1. Thanks to the self-dea^w foresight of former YC president Sam Altman

nicoburns · 2026-05-26T20:07:25 1779826045

> If prices keep going up, watch for companies to exit frontier models and go to local llama.cpp instances for 6-month-ago SOTA, with the flex of being housed within the office - no more privacy leakage, no more price gouging.

That or just hiring people to do the work! I hear rumours that this is already starting to happen in some places (perhaps those that were a little overzealous with AI-hype driven layoffs).

alfiedotwtf · 2026-05-26T22:17:02 1779833822

Fool me once… I think applying for jobs at a company that only within the last 12 months shed thousands of people “because of AI” should be seen as laughable, and employees collectively rejecting to work there should be seen as the norm

runtime_terror · 2026-05-26T19:57:36 1779825456

I do think many will move to lower cost models or self hosted over the next few years as prices balloon. And the privacy/control story is compelling.

If we're able to see some big increases in hardware capabilities that can be self-hosted, that will be an accelerant.

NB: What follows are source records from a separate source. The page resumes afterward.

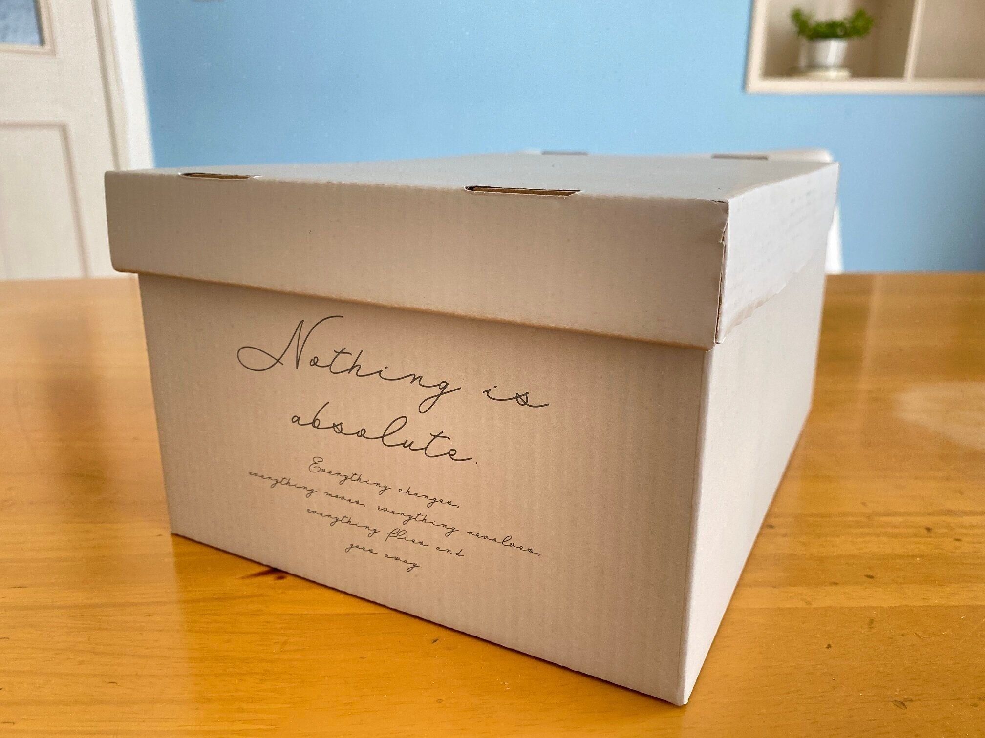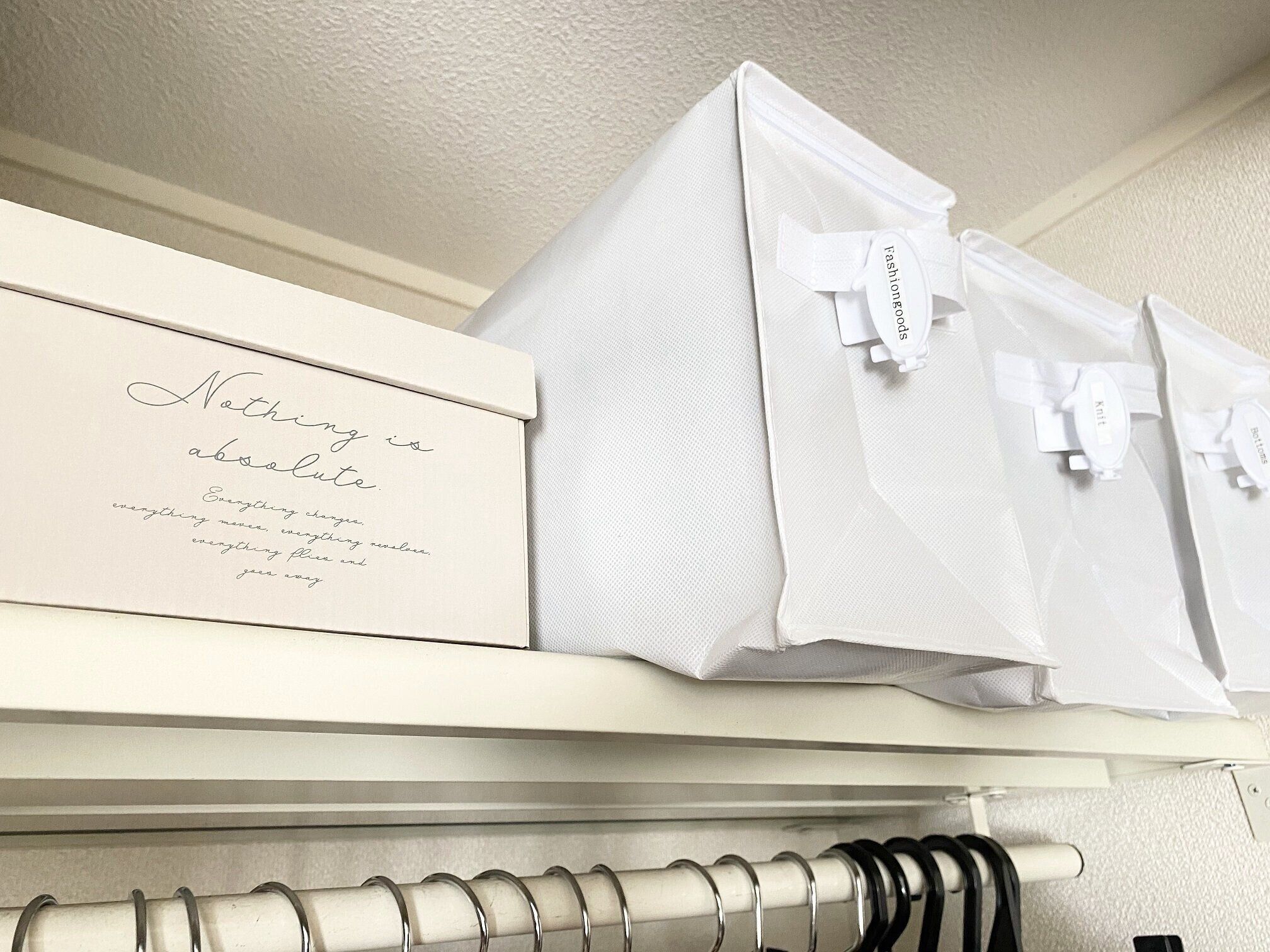クローゼット収納に箱を使うのもおすすめ。靴箱みたいなロゴがかわいい写真の箱は、キャンドゥの「ペーパーボックス」。価格は110円で、サイズは高さ12.5×横19×奥行き26cmです。
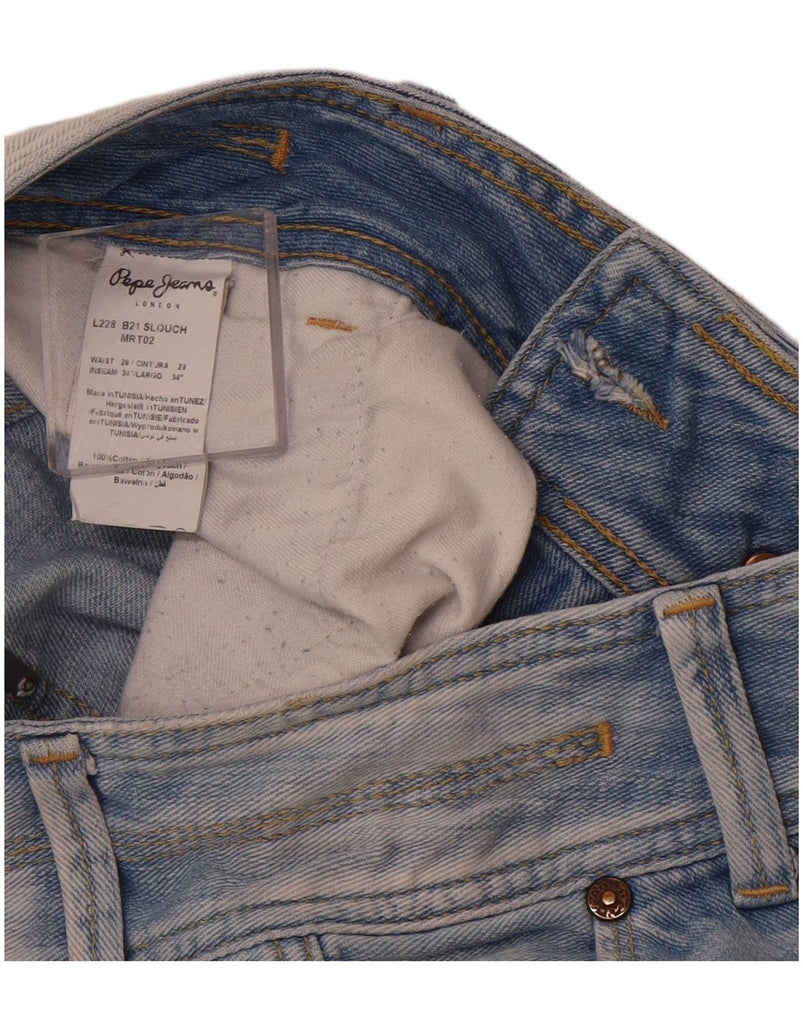 - AI Description: These PEPE Jeans women's wide leg jeans are crafted from blue denim, made from 100 percent cotton. They feature a low waist and a button closure for a classic look. The loose fit and wide leg design offer a relaxed silhouette. Cuffed hems add a stylish detail. Practical pockets complete the design, ensuring both comfort and a contemporary aesthetic.
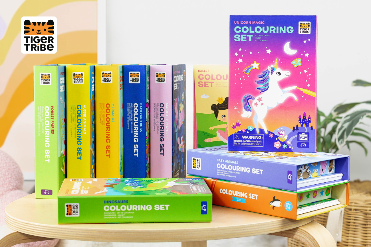 Te przenośne zestawy to chluba marki Tiger Tribe. W kompaktowych, zamykanych pudełkach dzieci znajdą kolorowanki i wszelkie przybory niezbędne do tworzenia, często w pakiecie z takimi dodatkami jak naklejki. Zestawy, w których można spotkać dinozaury, potworki, zwierzątka, wróżki i inne baśniowe stworzenia, nadają się do zabawy zarówno w domu, jak i w podróży.
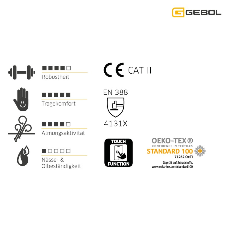 - Touch capability: specially developed for touchscreen operation thanks to integrated copper fibres in both index fingers and thumb.
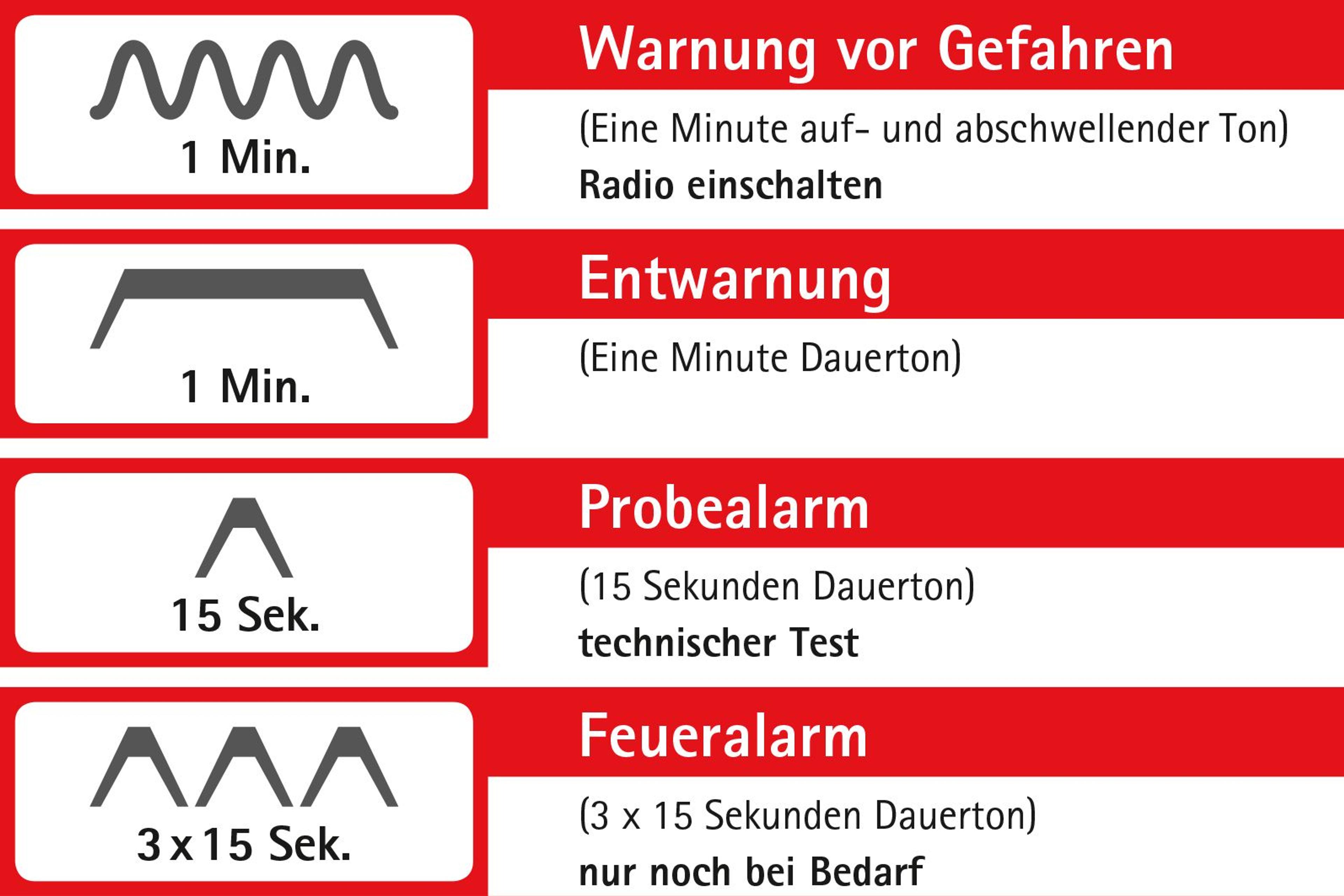 Am Donnerstag, 07. März 2019, gibt es einen „landesweiten Probealarm“. Dabei werden in ganz NRW die vorhandenen digitalen Sirenen durch die jeweiligen Leitstellen ausgelöst. Der Probealarm setzt sich aus einer Kombination von Sirenentönen zusammen: Entwarnung – Warnung – Entwarnung. Die Entwarnung erfolgt durch einen einminütigen Dauerton und die Warnung durch einen einminütigen, auf- und abschwellenden Heulton. Anschließend ist wieder ein einminütiger Entwarnungs-Dauerton zu hören. Zwischen den verschiedenen Warntönen gibt es eine kurze Pause. Ziel ist es, so das nordrhein-westfälische Innenministerium, die Bevölkerung für dieses Thema zu sensibilisieren.
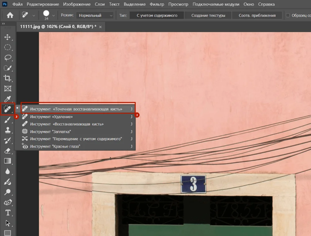 Затем выбираем инструмент «Точечная восстанавливающая кисть» и начинаем выделять провода. Лучше работать одиночными мазками, чтобы программа последовательно удаляла лишние объекты.
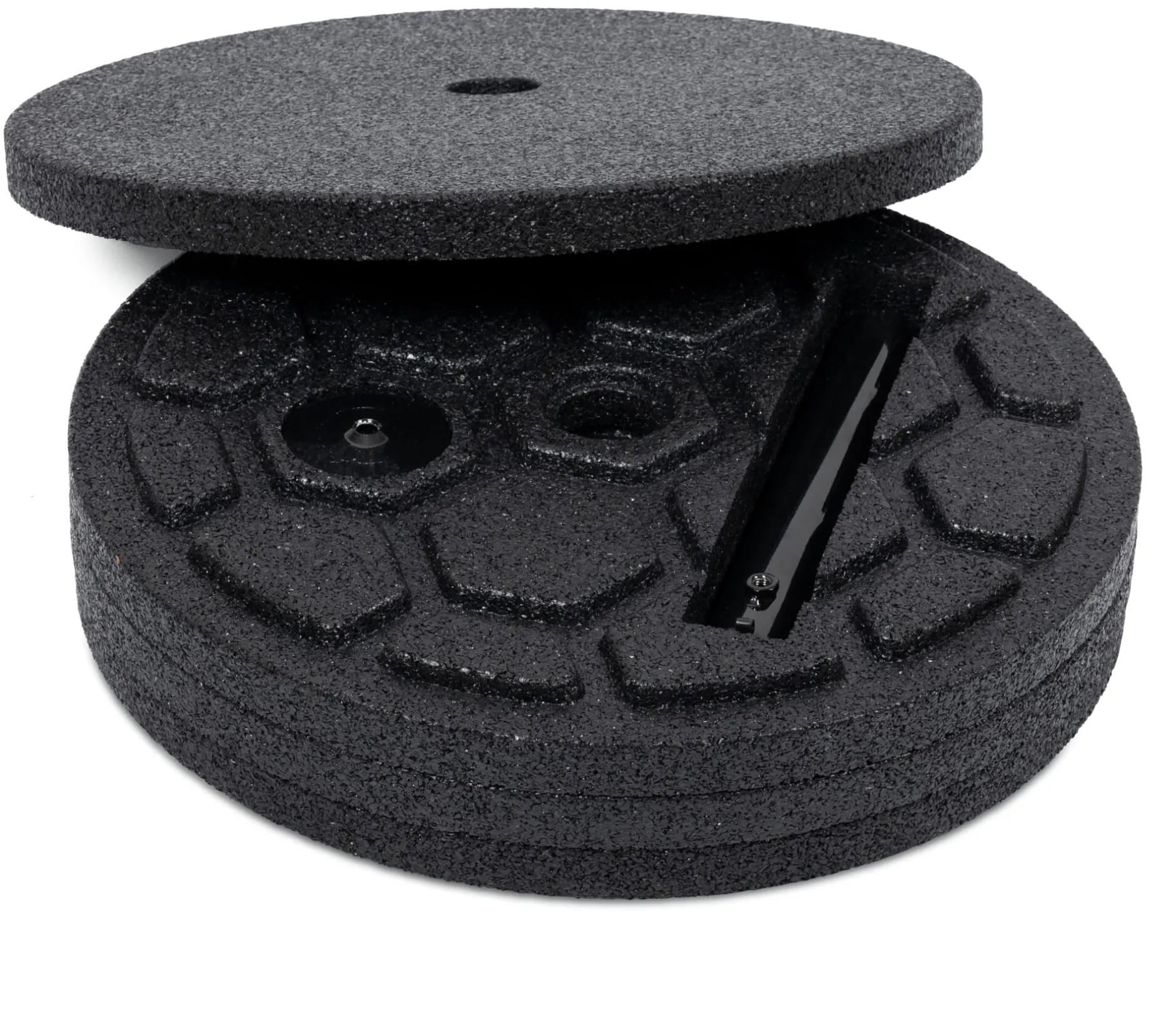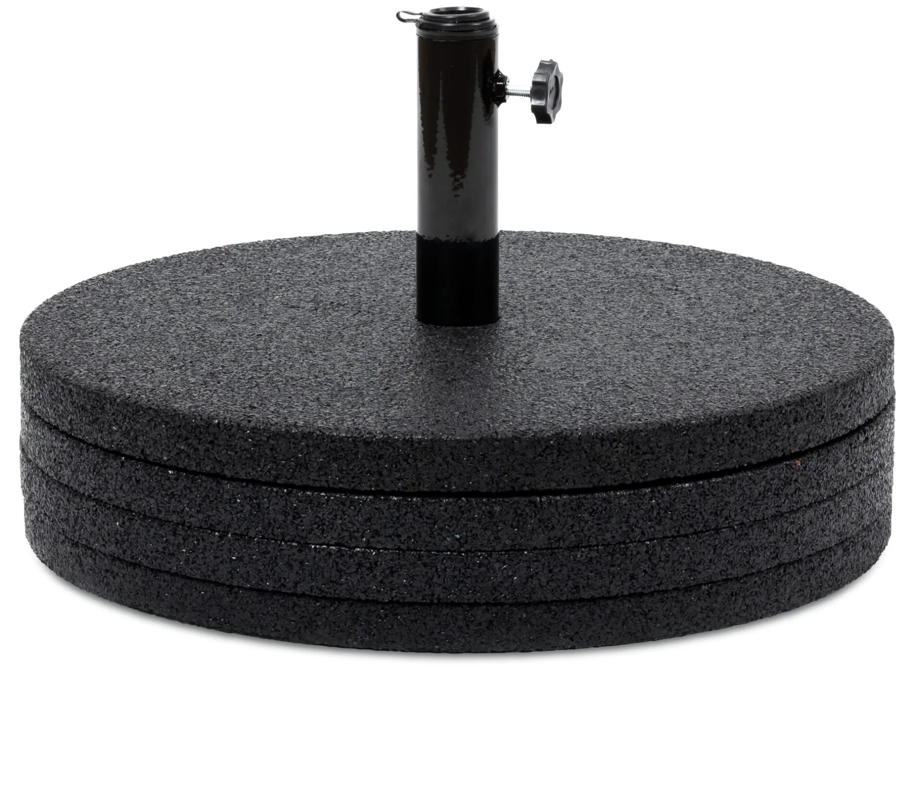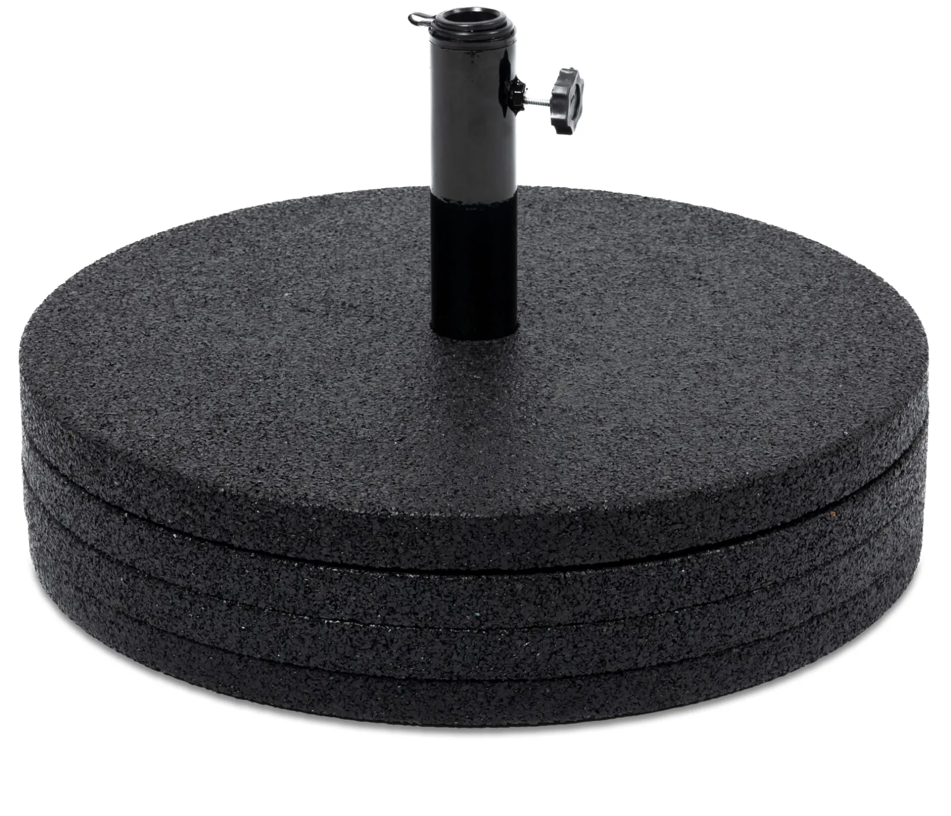Sonnenschirmständer aus einem ungewöhnlichen Material: KAMI besteht aus komprimiertem Altgummi recycelter Autoreifen. Die vier Scheibensegmente werden formschlüssig übereinandergestapelt. Einzeln lassen sie sich mühelos bewegen, zusammen wiegen sie dann immerhin 17 kg. Der stählerne Schaft nimmt Sonnenschirme mit einem Durchmesser von bis zu 39 mm auf. KAMI ist ideal konzipiert für den Einsatz unter Gartentischen mit Loch. Der Schirmständer ist praktisch zu handhaben, bequem zu platzieren, schnell abzubauen und zu verstauen. Das Material schont empfindliche Terrassenbeläge und ist wetterfest.

That said, most companies just want to pay a provider to delegate responsibility in exchange for cost and control.

lelanthran · 2026-05-26T14:45:49 1779806749

> When discussing LLM pricing, people are missing the plot. [ ... snipped ...] Your 90$ Claude subscriptions give you close to $1000 to $4000 in equivalent API token pricing.

And you think it is unreasonable to consider this unsustainable?

wongarsu · 2026-05-26T15:29:38 1779809378

Depends on what their actual costs are. Either they are losing lots of money on subscriptions, or they make absolute bank on API pricing.

Looking at the pricing of 1-2T models like Kimi or DeepSeek on the open market, I'm tempted to assume that inference costs are closer to subscription pricing than to API pricing.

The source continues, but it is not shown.